Отец бросился спасать скот. Но спасти было невозможно: с ворот, через которые
выгоняли скот, пожар и начался. Коровы ревели, лошади взвивались... Я видел, как
огненные языки лизали докрасна раскаленные стены, слышал рев коров (и сейчас его
помню)... Погибло все наше добро, весь скот, буквально все, до нитки.
Этот пожар – одно из самых сильных впечатлений моего детства. Я был нервный,
впечатлительный мальчик, и ужас, в ту ночь пережитый, потряс меня до глубины души.

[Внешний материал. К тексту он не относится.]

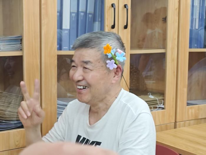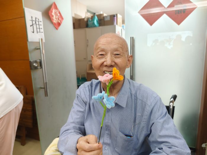 在接下来的扭扭棒手工课上,长者们在团队成员的帮助下,扭出一朵朵缤纷的小花,然后拼凑成枝。对着镜头,蒋阿姨和她的闺蜜头靠着头,就像手中的“不凋花”一样,笑得正灿烂。

Нас подпалил мужик: он выкрал что-то из закромов соседней помещицы, старой
девы. Его судили. Отбыв наказание в тюрьме, он решил отомстить. Потерпевшая помещица
отвела от себя его злобу, оговорив моего отца: "На тебя поп донес". Мужик поджег
ворота нашего скотного двора. Отец стал нищим. Правда, кое-кто из крестьян отозвался
на беду: привели свинью, пригнали корову... Помещица, оклеветавшая отца,– может
быть, совесть ее замучила,– приняла в нас участие, но все это не могло вернуть
нам того самого скромного благополучия, которым наша семья пользовалась. Это бедствие
отца подкосило.
Тяжелые впечатления раннего моего детства заставили меня еще ребенком почувствовать,
что такое социальная неправда. Впоследствии я понял, откуда в семинариях революционная
настроенность молодежи: она развивалась из ощущений социальной несправедливости,
воспринятых в детстве. Забитость, униженное положение отцов сказывались бунтарским
протестом в детях. Общение с народом привело меня с детских лет к сознанию, что
интересы его и наши связаны.
Не менее глубокое влияние, чем церковь и быт, оказывала на мое детское сознание
наша русская природа. Неизъяснимое чувство прелести простора, полей, лугов...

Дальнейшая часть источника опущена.